Debt, oil prices could slow cotton consumption

MEMPHIS, Tenn. - Runaway consumer debt and high oil prices are threatening to slow down world cotton consumption in the coming year, an analyst with Volcot America, Inc., says.

Speaking at the Ag Market Network’s May teleconference, Peter Egli said these factors, plus bigger world crops, are expected to push world cotton ending stocks higher next summer. Meanwhile, low U.S. stocks and nasty weather could lead to price spikes this summer.

Egli agrees with USDA’s assessment that the world’s largest cotton crop ever, at 102.5 million bales, could be right around the corner. If achieved, this would mark the first time that a world crop has gone over 100 million bales.

According to Egli, the biggest increases in production will come from China, up 5.5 million bales from the previous year; India, up 1.5 million bales; Pakistan, up 700,000 bales; and Australia, up 1.1 million bales.

The United States is the only major producer likely to produce a smaller crop this year. “We believe that it may be around 17.3 million bales, based on 13.56 million acres,” Egli said.

“We don’t believe the record average yield of 725 pounds can be repeated because we have a higher proportion of Texas acreage (where yields are typically lower) versus Mid-South/Southeast acreage (where high soybean prices have led a shift away from cotton).”

Egli estimates an average yield of 670 pounds and an abandonment of 9 percent for U.S. growers this season.
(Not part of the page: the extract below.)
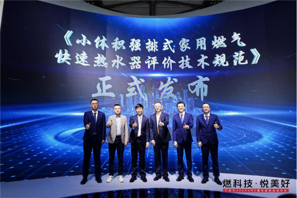 在此次展会上,万家乐再一次主导行业团体标准的制定,重磅发布《小体积强排式家用燃气快速热水器评级技术规范》标准(以下简称“标准”)。该标准填补了燃气热水器领域体积标准的空白,引领行业创新变革。

Egli is less optimistic than USDA about world consumption for the coming year, pegging it at 97 million bales, 2 million bales less than USDA’s forecast.

One reason, U.S. consumers are up to their eyeballs in debt and are about to hit the wall of reality.

“U.S. households have added $2.4 trillion dollars of debt since 2000, from $7.1 trillion to $9.5 trillion,” Egli said. “It’s really the U.S. consumer, assisted by the U.S. Federal Reserve’s easy money policy and government tax cuts, that has kept the U.S. and the global economy afloat the last few years. This is about to come to an end. Inflation is starting to rear its ugly head and interest rates are creeping up.”

This could come as a double whammy for consumers, according to the analyst. “High interest rates means consumers will have to pay more to service their debt burden. This will probably put the cap on real estate prices and limit the consumers’ ability to use their homes like ATM machines.”

Over the last two years, he says, homeowners have added more than $400 billion in spendable cash through home equity loans and cash-out refinancings. An over-extended consumer in a slowing housing market could spell trouble for cotton consumption.

“For every home that is sold, the proud new owners are likely going to buy new towels, bedsheets, curtains, etc.,” Egli explained. “Keep in mind that the American consumer purchases nearly one in four bales at the end use level worldwide and have contributed 50 percent to the growth in cotton consumption over the last 10 years. We need to keep a watchful eye on these developments.

“Adding insult to injury are high gasoline prices,” Egli noted. “In the United States, we consume about 380 million gallons of gas per day, and a 50-cent per gallon increase translates into an additional $190 million per day. This is taking discretionary spending power out of the consumer’s pocket.

“Higher energy costs also are also feeding into other areas, including the cost of farming.”

Egli agrees with USDA’s forecast of 5.8 million bales of domestic mill use for 2004/05, but he believes that U.S. exports will fall off from last year, below USDA’s current forecast of 11.5 million bales.

“USDA is projecting a foreign production gap of 8.3 million bales, considerably down from last year’s 17-million-bale deficit. I believe that the United States will export only 10.5 million to 11 million bales.”

Most of the world stock building will take place outside of the United States next year, according to Egli. “U.S. stocks will only go up 300,000 bales, while the rest of the world will rise 3.2 million bales.

Because of the much smaller production gap, “we face increased competition from Australia and Brazil,” Egli said. “The United States will have a much tougher battle on its hands. Another handicap for the United States is the higher percentage of west Texas cotton next season, which is not the preferred choice of abroad.”

China will continue to import cotton, but it will be on a much smaller scale, unless they have another crop problem, the analyst said. “Our best estimate is that Chinese imports will come in at 4.5 million bales, with the U.S. market share at about 2.5 million to 3 million bales.”

World ending stocks for the new year will be higher than USDA projections, according to Egli, who pegs them at 37.8 million bales for the world and 4.5 million bales for the United States.

Cotton prices for the coming season will fall into two categories based on quality, according to Egli - strict low middling, 34 staple cotton represented by the futures market and higher quality 36 staple cotton represented by the cash market.

“Beginning stocks for next season will consist to a large degree of strict low middling (34 staple) cotton, while there will be relatively few middlings around with the exception of Brazil. Therefore, I believe that the basis for middling cotton will remain very strong next season.

“The fact that we have such low ending stocks will have the market on edge for the next five months or so,” Egli added. “Any hiccup on the production side will lead to sharp rallies. At the least, we should see some increased volatility.”